In Paris, Wilson housed Hoover with members of the U.S. delegation, but instead of taking part in the wrangling at the Hall of Mirrors in Versailles, Hoover struggled, as he said, “with the gaunt realities that prowled outside.” An agent of the U.S. government as head of the American Relief Administration, he served also as director-general of Relief for the Allied and Associated Powers, economic director of the Supreme Economic Council, and chair of both the Inter-Allied Food Council and the European Coal Council. He refused, though, to accept supervision from any international authority. Acting on his own, he saw to it that within days the first vessels laden with food were bound for Trieste.

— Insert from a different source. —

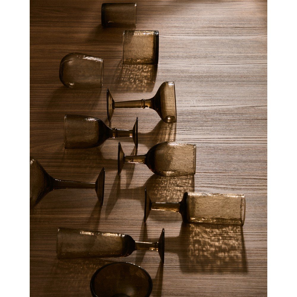 Kieliszek do wina Vinea marki Kave Home został wykonany ze szkła z recyklingu. Jego prosty, a zarazem ponadczasowy design z charakterystyczną, teksturowaną powierzchnią z łatwością dopasuje się do różnych stylów i okazji. Dzięki temu Twoja zastawa zyska funkcjonalność i niepowtarzalny charakter.

Establishing missions from Helsingfors to Salonika and east to Tiflis, Hoover cut a wide swath. He controlled traffic on the Danube, Rhine, Vistula, and Elbe; coordinated railways in eighteen countries; rebuilt bridges and highways; reordered currencies; combated typhus; and reopened mines. All of these activities were in addition to his main task of finding and distributing enough food to save nearly four hundred million people from starvation. Just as ingenious as he had been earlier in Belgium, Hoover in one deal swapped two Austrian locomotives for two million Galician eggs. Before its authority expired, the American Relief Administration transported millions of tons of food, clothing, and other necessities to war victims in twenty-one nations. Earlier, even while American doughboys were dying on the western front, Hoover had announced that he was planning to feed the Germans after the war. Much to the distress of Senator Lodge, he did.

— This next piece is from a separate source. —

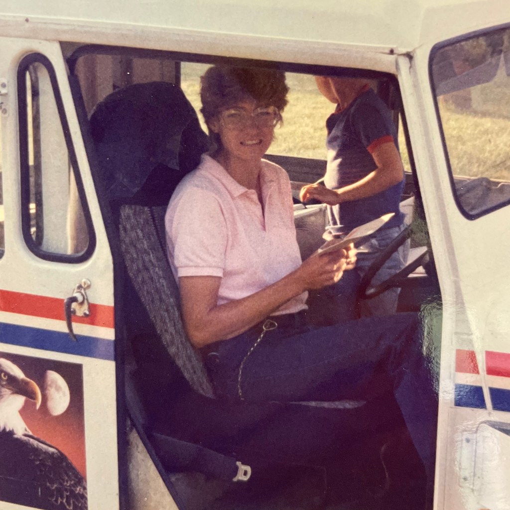 Mom knew a ton of people on her route. Back then couriers had set routes. It worked out for me when Halloween came because she knew where to get the good candy. Maybe try to get to know your mail person. Think about writing them a thank you. Something about a hand written note still has an effect on us all. When you read this, “I love you, Mom! Thank you for all you did!!”

In the summer of 1919, U.S. government money for the ARA ran out, and Hoover transformed it into a private organization. The next year, he raised almost $30 million by staging “banquets” at which diners, paying $1,000 each, were served the same meager meals on the same tin dishes on which underfed waifs overseas had to make do. At the head table, a lighted candle before an empty chair represented “the invisible guest” who would be nourished by contributions from the United States. “These children,” said Hoover, “are a charge on the heart of the entire world.” Under the ARA, the European Children’s Fund—a forerunner of CARE—fed millions in an arc from Armenia to Finland. The Finns added a new word to their lexicon: to hoover means to help.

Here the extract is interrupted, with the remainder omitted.